Washington, Jun 12 (EFE).- President Donald Trump on Wednesday announced that he will send “about 1,000” more US troops to Poland, half the number he had mentioned an hour earlier when he welcomed his Polish counterpart, Andrzej Duda, to the White House.
At a joint press conference with Duda, Trump said that the troops will be housed at a base financed completely by Poland and revealed that the European country plans to buy 32 F-35 Joint Strike Fighter combat aircraft from the United States.
Shortly before that, upon welcoming Duda to the White House, Trump had said that he was considering sending “2,000 soldiers” to Poland, but he corrected that figure after signing a defense agreement with the Polish leader.
Trump said that the US and Poland were opening up a new phase in their relationship.
The troops will augment the 4,500 US soldiers already stationed in Poland as part of the agreement reached in 2016 with NATO as a response to Russia’s 2014 annexation of the Crimean Peninsula, a territory that is considered to be Ukrainian territory by the US and other European countries.
Neither Trump nor Duda provided details about when the US troops would be sent to Poland, although the US president had said at the start of their meeting that the soldiers will be simply redeployed from their present bases in Germany, and thus “additional troops” will not actually be sent to Europe from the US.
Meanwhile, Trump said that he is “seriously” considering visiting Poland this year, adding that the two government on Wednesday signed a crime prevention pact designed to clear the way for the European country to quickly enter the US visa exemption program.
Trump said that decision probably would be made within the next 90 days, referring to the possibility of allowing Polish citizens to visit the US without needing a visa for a maximum of three months.
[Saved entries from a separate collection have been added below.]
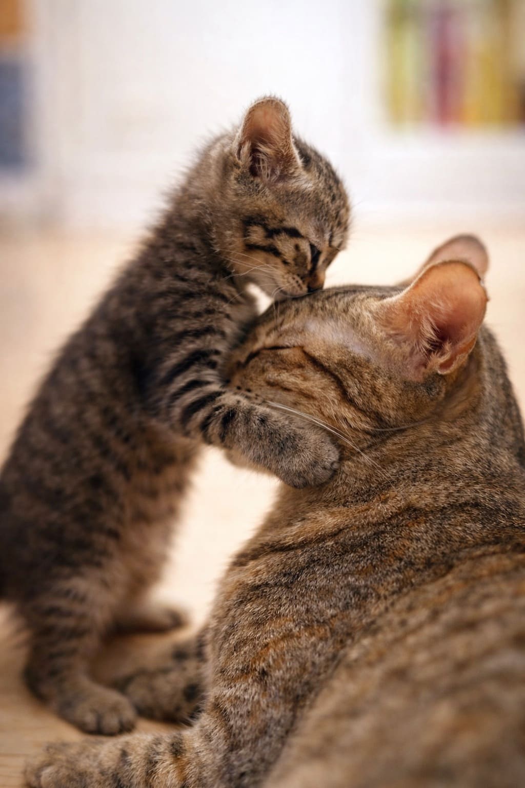 Серый улёгся на мягкую тёплую подстилку, а на него взгромоздился его котёнок. Они вдвоём мурлыкали и звуки эти наполняли всю маленькую квартирку, а за окном…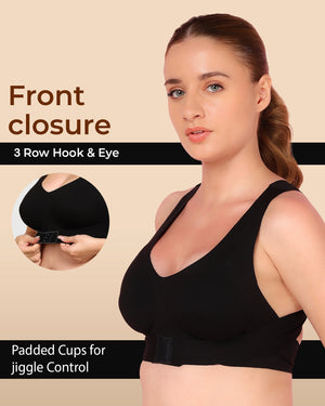 Elastic-free band and armholes prevent rashes or red marks—no mid-set adjusting. A supportive criss-cross back improves posture, and lightly padded cups add natural lift with reliable jiggle control.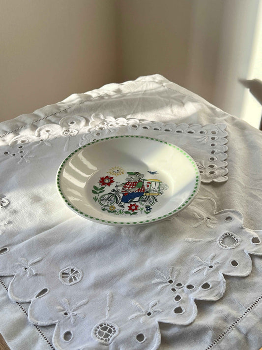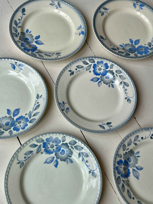 Enkelt håndmalet frokosttallerken med blomstermotiv Ø20

After answering questions from reporters in the Oval Office, Trump and Duda went out onto the White House lawn to watch a brief flyover by two F-35 jets, a maneuver by which the administration wanted to thank Warsaw for its purchase of the 32 top-of-the-line warplanes.
“They’re going to put on a very small show for us and we’re doing that because Poland has ordered 32 or 35 brand new F-35s at the highest level,” Trump told reporters.
Since he took office in 2015, nationalist Duda has increased Poland’s defense spending, in part to buy military equipment manufactured by US firms, and he has also tried to get the US to agree to having a greater military presence in his country with an eye toward dissuading Russia from any kind of adventurism or political aggression in the region.
When Duda was in the US last September, he proposed building in Poland a large permanent US military base to be named “Fort Trump.”
When asked about that on Wednesday, Trump said that no final decision had yet been made regarding the base, but he added that if it is built it will be a very well-located base that will have great facilities.